Without exaggeration, each one of the album’s eleven tracks bears the masterful mark of thick, crunchy funk. Whether from a luscious, spine-tingling backbeat or the snarling drawl of which Dua has made her signature, there is a pervasive flash of intoxication and liberation, of anger and intensity, of a tough sublimity that fills the mind with exaltation. Oftentimes, this euphoria feels as if it is collapsing under its weight, slamming through senses with such vigor and intensity one feels bludgeoned and pummeled in the most glorious ways. Perhaps in a certain light, this sparkling cohesion can be overlooked and misunderstood as repetition. Yet, it is that overarching funkiness which glues each piece together, formulating a work of art that reveals not only a willingness to explore sonically, but also to progress.
And it is progression which serves as Future Nostalgia’s most promising feature. Though the overall theme relies on romance and empowerment, it is Dua’s trademark moodiness that transforms these conventions inside-out. Take, for example, the lavish uncertainty floating through the “If you don’t wanna see ME, dancing with someBODY” pre-chorus hook on the dancefloor delicacy of “Don’t Start Now.” Or, perhaps, the somber optimism of “Baby, keep on dancing…” on the barreling arcade-drenched “Physical.” Or even the raw, rapturous epiphany of “Goddamn, you got me in love again!” on the taut, ABBA-coated “Love Again.” Each track may contain its own amount of glitter, glamour, and gauze. However, with every slice of mirth there appears a slice of melancholy to size it up, generating a palatable unease throughout the album that keeps one from overdosing on froth and sentiment. In her earliest works, Dua emerged a master of mood, and upon Future Nostalgia that darkness finds an equaled brightness, igniting a completion and growth she has never experienced.

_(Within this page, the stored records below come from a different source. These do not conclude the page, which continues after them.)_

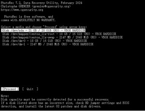 选择要恢复的/dev,本机只有一个sda,只能选第一个,点击>[Proceed ]
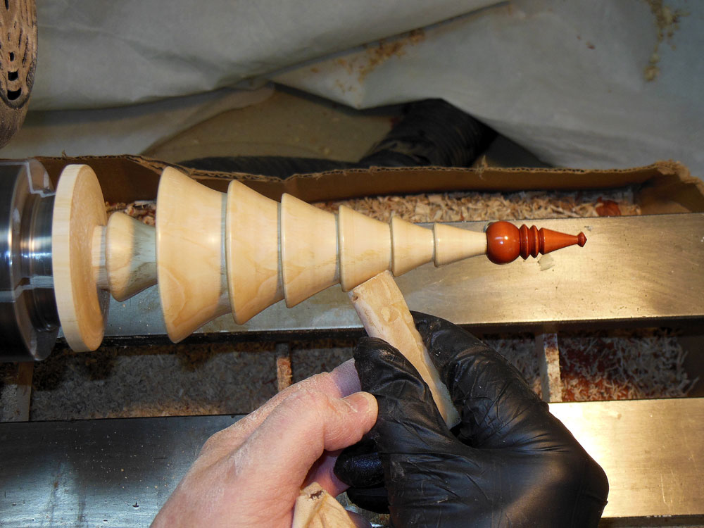 It's time to sand the tree…and sand….and sand…and sand. I start sanding at 150 grit and go down to 1000 grit (no pictures here, it's too boring). I use a friction polish (shellac) to finish the tree (Figure 42); the shellac has a few small chunks of carnuba wax added to it, but the wax doesn't dissolve, so the wax is pretty much to engage my imagination more than anything else.
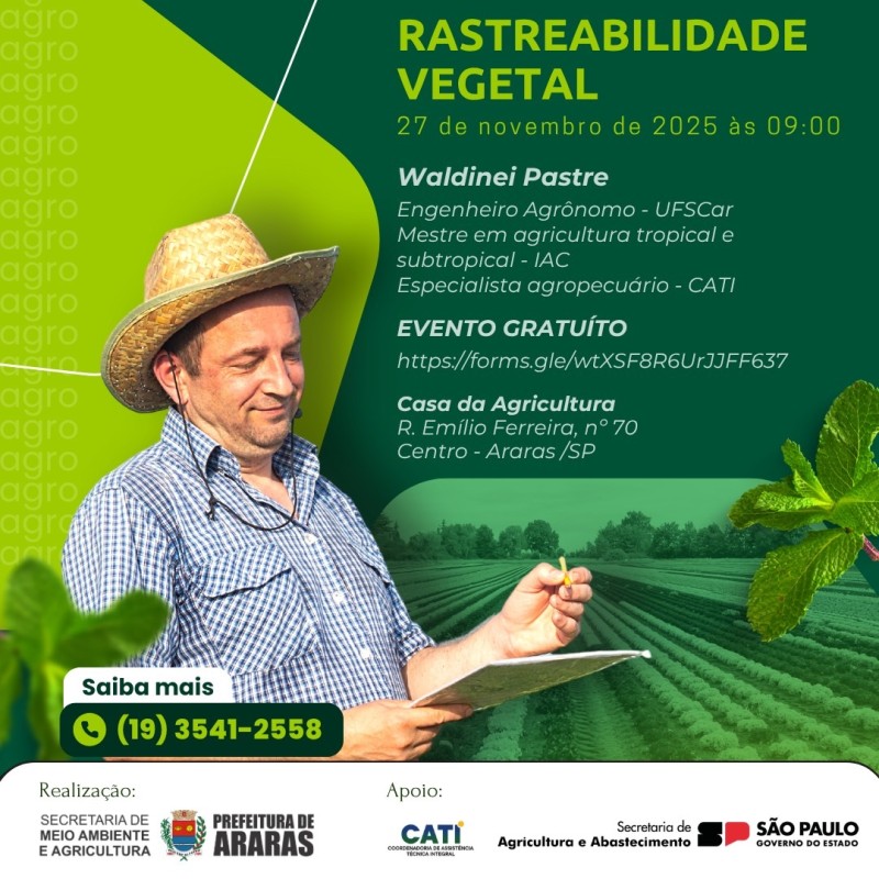 Nesta quinta-feira (27), a Secretaria Municipal de Meio Ambiente e Agricultura irá promover um evento sobre rastreabilidade vegetal. O tema será abordado e discutido às 9h, na Casa da Agricultura, localizada na Rua Emílio Ferreira, nº 70, no Centro; o cadastro está disponível aqui.
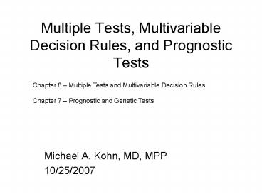 Title: Multiple Tests, Multivariable Decision Rules, and Prognostic Tests
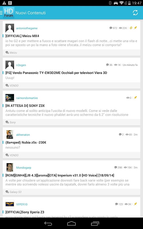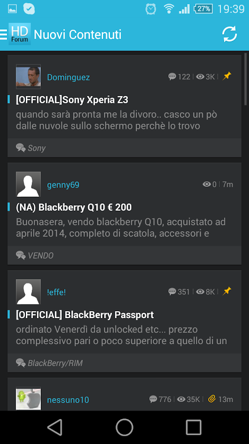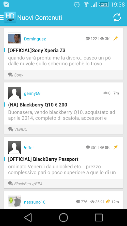 Many sections to follow all the main brands in the industry, new arrivals and ask questions or find tips on your terminal. Doubts, suggestions, or simply buying a second-hand device? In the new Forum HDblog'll find all this and much more thanks to the application and dedicated you can follow all your friends and the products you love wherever you are with push notifications and selectable themes.

This growth is even more evident in “Pretty Please,” a bluesy, Stax Records evocation which finds Dua rising above the hypnotic, chilled-out production as if she is directly whispering through your ear canals. And in “Hallucinate,” a tantalizing rush of opulence and delirium, equating the call of one’s name to the sweeping, engulfing taste of fantasy. And especially on the closing track “Boys Will Be Boys,” a remarkable, confrontational hymn against toxic masculinity adorned with wintry, echoing choral chants. Within these three tracks alone, one is privy to the various directions Dua may take in the near-future, providing glimpses of an evolving Pop artist absolutely open for experimentation.
And it is that evolution which clings most to one’s mind once the album has ceased. Teeming with freshness and vitality, Future Nostalgia is a mesmerizing collection of the last 40 years of dance music distilled in the most scrumptious, accessible bites. With funk as her anchor, Dua Lipa finds herself navigating the rhythms of her heart and spirit amidst a glossy, groove-laden climate, using the visual splendor of retrofuturism to imagine a world where care is free, love is abundant, and self-fulfillment is foremost. Those are the hallmarks and touchstones for nostalgia—the desire to escape to a place that doesn’t possibly exist. Yet, in Dua’s hands, not only does this dreamlike place exist, it is incredibly tangible. Just press play and you’re there.